Here are key practices to implement:
- Defining and reinforcing core values centered on customer focus. Leaders should involve employees in setting values that emphasize customer-centricity, launch these values through virtual events, display them in digital workspaces, and integrate them into goals and performance metrics.
- Using integrated technology tools for seamless communication and collaboration. Standardizing platforms for project management, document sharing, and communication ensures all employees stay connected to customer-related goals and have the information needed to act effectively, regardless of location.
- Designing hybrid workflows that enable real-time collaboration and transparency. Hybrid spaces, both physical and virtual, should support easy interactions across customer-facing and supporting teams. For example, office layouts with tech for video conferencing facilitate remote participation, given remote and onsite employees must work closely to resolve customer issues or improve experiences.
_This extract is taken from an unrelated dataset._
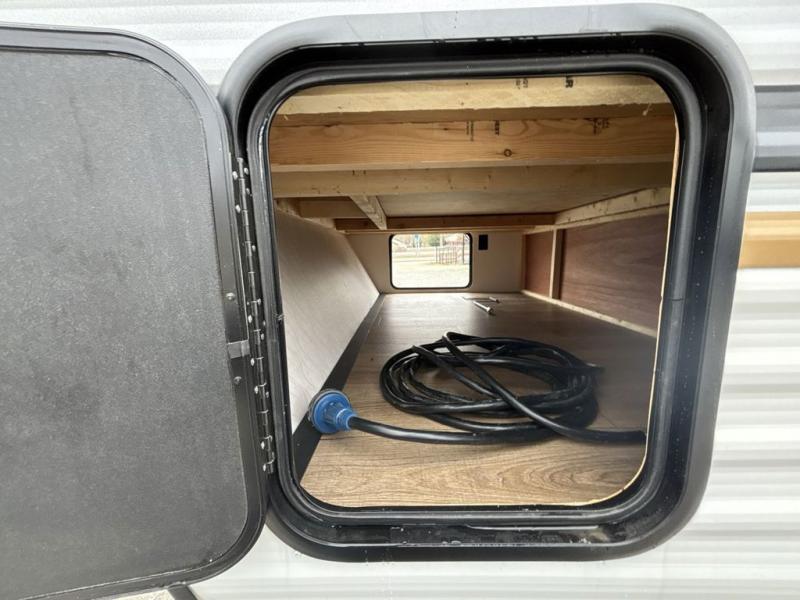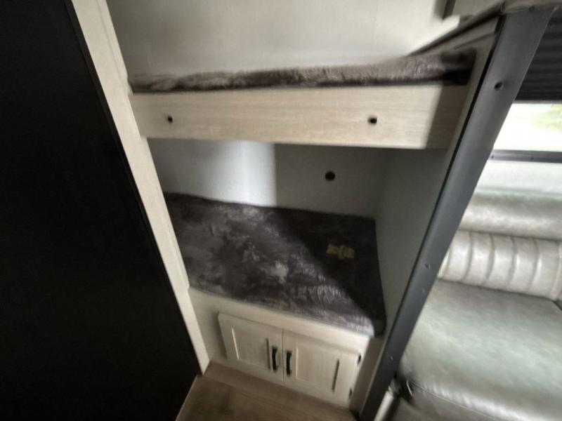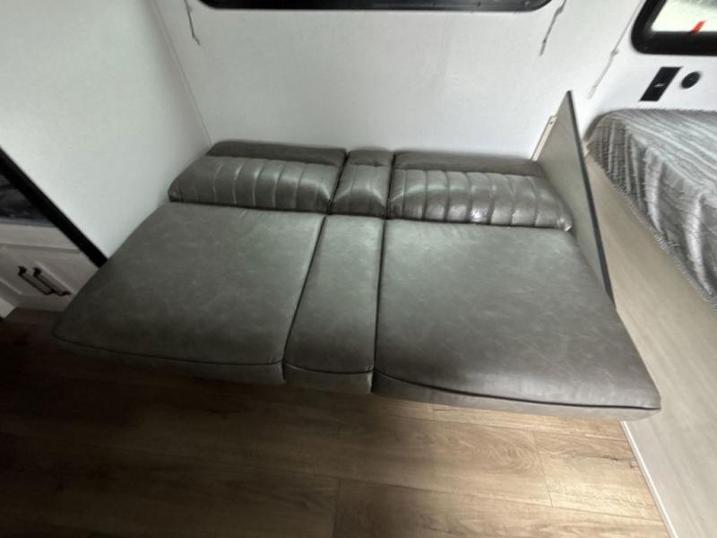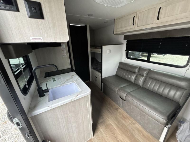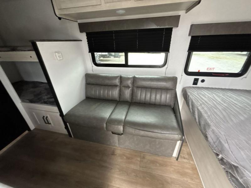 It will be so easy to enjoy camping trips in this single axle travel trailer! There is a front RV queen bed with flip-up storage at the foot of the bed for your belongings, and any additional guests can sleep on the bunk beds and sofa. A full kitchen includes a two-burner cooktop and microwave to cook meals each day, and the 12V black glass refrigerator will keep your food fresh. And a private bath with a toilet and shower will let you freshen up without having to use the camp's facilities!
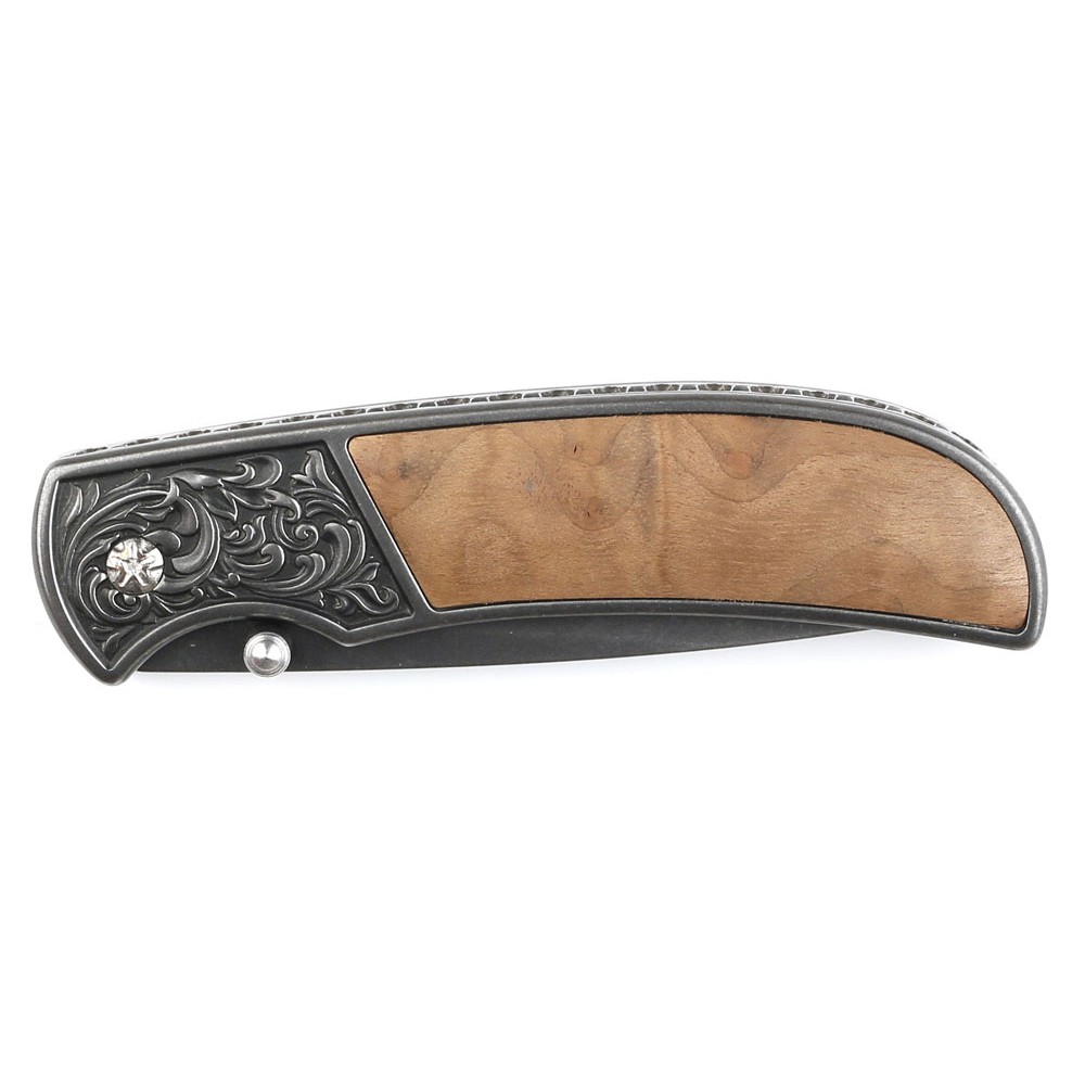 Нож складной Stinger, 71 мм, (чёрный), материал рукояти: сталь/дерево (коричневый)

- Providing context and customer insights regularly. Non-customer teams should have access to customer data and feedback so they can understand the impact of their work on customer satisfaction. This could be through dashboards, reports, or shared communications, ensuring their decisions and actions align with actual customer needs.
- Fostering team culture and engagement with customer focus. Activities that build morale and connection among hybrid workers (such as virtual town halls or team challenges with customer-related goals) reinforce the customer-oriented mindset over time and reduce isolation that may dilute customer focus.
By implementing these strategies, organizations can ensure that non-customer facing teams remain attuned to customer priorities and improve cross-functional collaboration essential for delivering seamless hybrid customer experiences.
- To maintain a customer-focused culture in a hybrid work environment, leaders should integrate performance metrics that highlight the alignment of work with customer outcomes, emphasizing this through virtual events and digital workspaces.
- For non-customer teams to effectively collaborate and understand customers, it's crucial to adopt integrated technology tools that facilitate seamless communication and collaboration, regardless of location.
- As companies adopt hybrid work models, ensuring that remote and onsite employees can collaborate efficiently and in real-time is paramount. This can be achieved by designing hybrid workflows that incorporate technology for video conferencing and other collaborative tools in office layouts.